Escritor naturalista, Aluísio apresenta em sua obra características do naturalismo,
dentre elas o determinismo do instinto, que segundo Sergius Gonzaga (1995, p.91), “Cada
individuo traz dentro de si instintos hereditários, que explodem repentinamente em
manifestações de luxúria, tara, indignidade e crimes.” e por mais que cada indivíduo
desenvolva seu domínio sobre si próprio, com a convivência social ele fica sujeito a mudanças
psicológicas, arrastando-se para um universo de anormalidades e vícios. Isto fica evidente na
seguinte passagem em “O Cortiço” (1857-1900, p.113):
Amara-o a principio por afinidade de temperamento, pela irresistível conexão do
instinto luxurioso e canalha que predominava em ambos, depois continuou a estar
com ele por hábito, por uma espécie de vícios que amaldiçoamos sem poder largá-
lo; mas que desde que Jerônimo propendeu para ela, fascinando-a com sua tranqüila
serenidade de animal bom e forte, o sangue da mestiça reclamou os seus direitos de
apuração, e Rita preferiu no europeu o macho de raça superior.

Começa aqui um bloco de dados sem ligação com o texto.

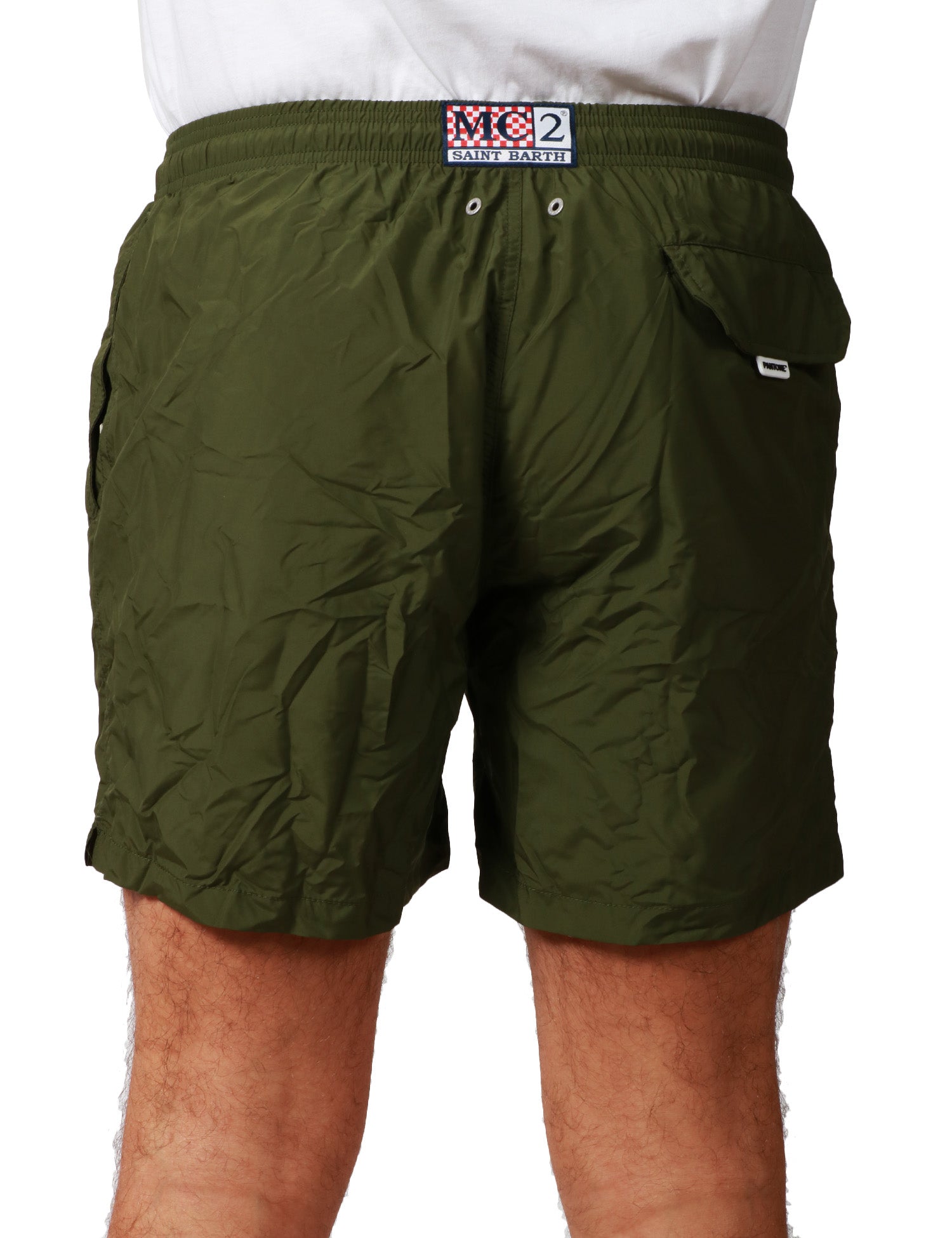 COSTUME MARE UOMO MC 2 SAINT BARTH PANTONE VERDE MILITARE IN TESSUTO LEGGERO CON CORDINO BIANCO

A natureza define o destino dos personagens, o meio, o lugar, as pessoas com que
convivemos e o momento têm um papel importante no condicionamento do ser humano, da
sua personalidade e de seus ideais.
Eliane Brum, repórter consagrada, colunista do Jornal Zero Hora em seu livro de
crônicas “A Vida que Ninguém Vê”, conta historias reais de pessoas que a sociedade esquece,
discrimina, deixa de lado. Eliane nos mostra a realidade mais penosa e invisível da vida
alheia. Onde “Cada crônica é também uma leitura de mundo, um olhar diferenciado para a
realidade, uma mudança de ângulo e, mais do que um convite, uma intimação á reflexão
critica.” (LINNÉ, 2011, p.29) Ela caminha pelos relatos, ela mostra aquilo que Aluisio
Azevedo não viu, que é o lado emocional das pessoas, é mostrar seus sofrimentos, suas
angustias, seus sonhos e suas dificuldades.

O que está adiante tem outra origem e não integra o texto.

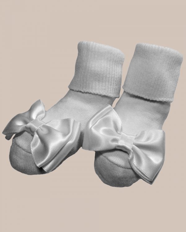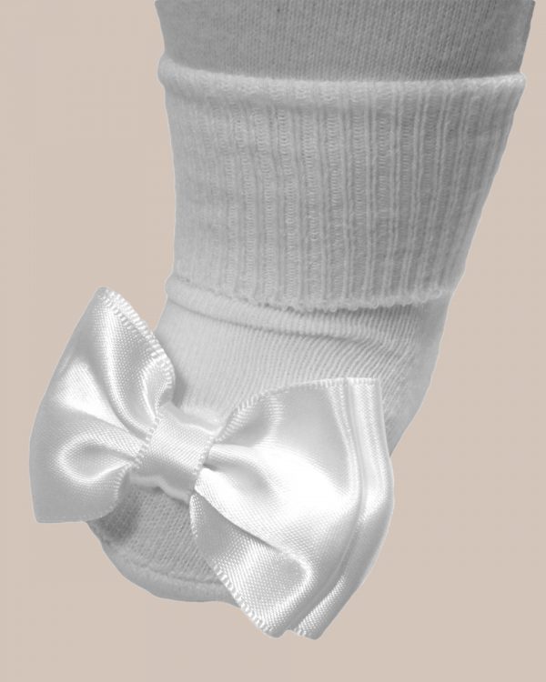 100% Cotton girls socks with a large beautiful bow on the toe. High quality girls socks perfect for Christening, Baptism or any other special occasions.

Em um de seus relatos, que leva o titulo “História de um Olhar”, Eliane conta a
história de Israel, um homem de 29 anos, malcheiroso, sujo e desajeitado. Sem oportunidade
de estudar, todos os dias ele ia até a frente do colégio, onde via que as crianças que ali
entravam recebiam comida, coisa que ele não tinha todos os dias. Israel chegou até a escola
com fome. Fome de lápis, de comida e de carinho.
Esse olhar começou a se expandir, e Israel já estava na sala de aula, junto com seus
colegas, mais novos, mas ele não se importava, o importante era estar naquele ambiente
aprendendo, se divertindo, voltando à infância. Influenciado pelo meio em que estava
frequentando, Israel passou a tomar banho, a ir para a escola limpo, a ir para casa e ficar
estudando e não sair pelas ruas. “Ganhou roupas, ganhou pasta, ganhou lápis de cor. E no dia
seguinte, Israel chegou de banho tomado, barba feita e roupa limpa.” (BRUM, 2006, p.24)

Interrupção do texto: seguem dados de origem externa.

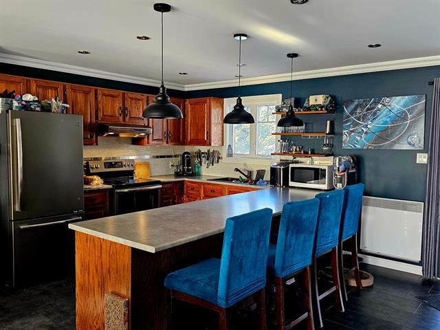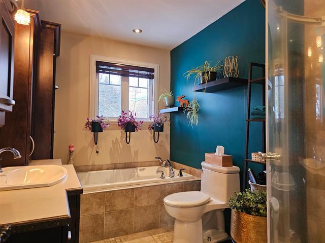 Située sur un terrain de 27079 pieds carrés, cette propriété rénovée avec goût vous offre 3 chambres à coucher, une salle de bain et une salle d'eau, des aires ouvertes au rez-de-chaussée et au sous-sol (fini en majeure partie), une salle familiale, un bureau, un immense stationnement, un garage double, une cour clôturée et aménagée avec toit cathédrale, spa et cabanon. La fenestration y est abondante afin que vous puissiez profiter du panorama et des couchers de soleil. Presque clé en main, c'est une ocasion dans le secteur! (45107463)

Ao fim de analisar as duas obras, juntamente com um de seus personagens,
percebemos que ambos retratam vidas aparentemente insignificantes, em diferentes épocas,
onde há a influência do meio no comportamento humano, e como ele age no caráter das
pessoas, sendo Jerônimo degradado pelo meio em que ele vive, ou sendo por Israel que
mudou para melhor, que foi beneficiado pelo meio em que ele passou a conviver.
Ambas as obras tratam de uma questão, que é a desigualdade social. Aluisio, no
começo dos anos 90, já retratava este problema, que em meio ao cortiço havia o rico que
discriminava e se aproveitava do pobre. E Eliane retrata que ainda hoje há pessoas passando
fome, morando nas ruas e outras que possuem até demais.
Porém o modo em que ambas foram escritas se divertem. “Aluísio Azevedo, em que,
ao satirizar, põem a faca impiedosa na hipocrisia, câncer social de todos os tempos. Também
os nossos.[..]sua escrita é dura, fluente, com agudeza do fio de lâmina, atacando as alienações
de uma sociedade apodrecida e ilusória” (NEJAR, 2007, p.161). Já Eliane Brum com uma
linguagem envolvente e encantadora, nos faz fixar os olhos na história que ali está sendo
contada, é uma busca pelos excluídos que preenchem e povoam a realidade.
REFERÊNCIAS
BOSI, Alfredo. História Concisa da Literatura Brasileira. 38ªed. São Paulo: Cutrix 1994.
BRUM, Eliane. A Vida que Ninguém Vê. Porto Alegre: Arquipélago Editorial, 2006.
NEJAR, Carlos. História da Literatura Brasileira. Rio de Janeiro: Relume Dumará, 2007.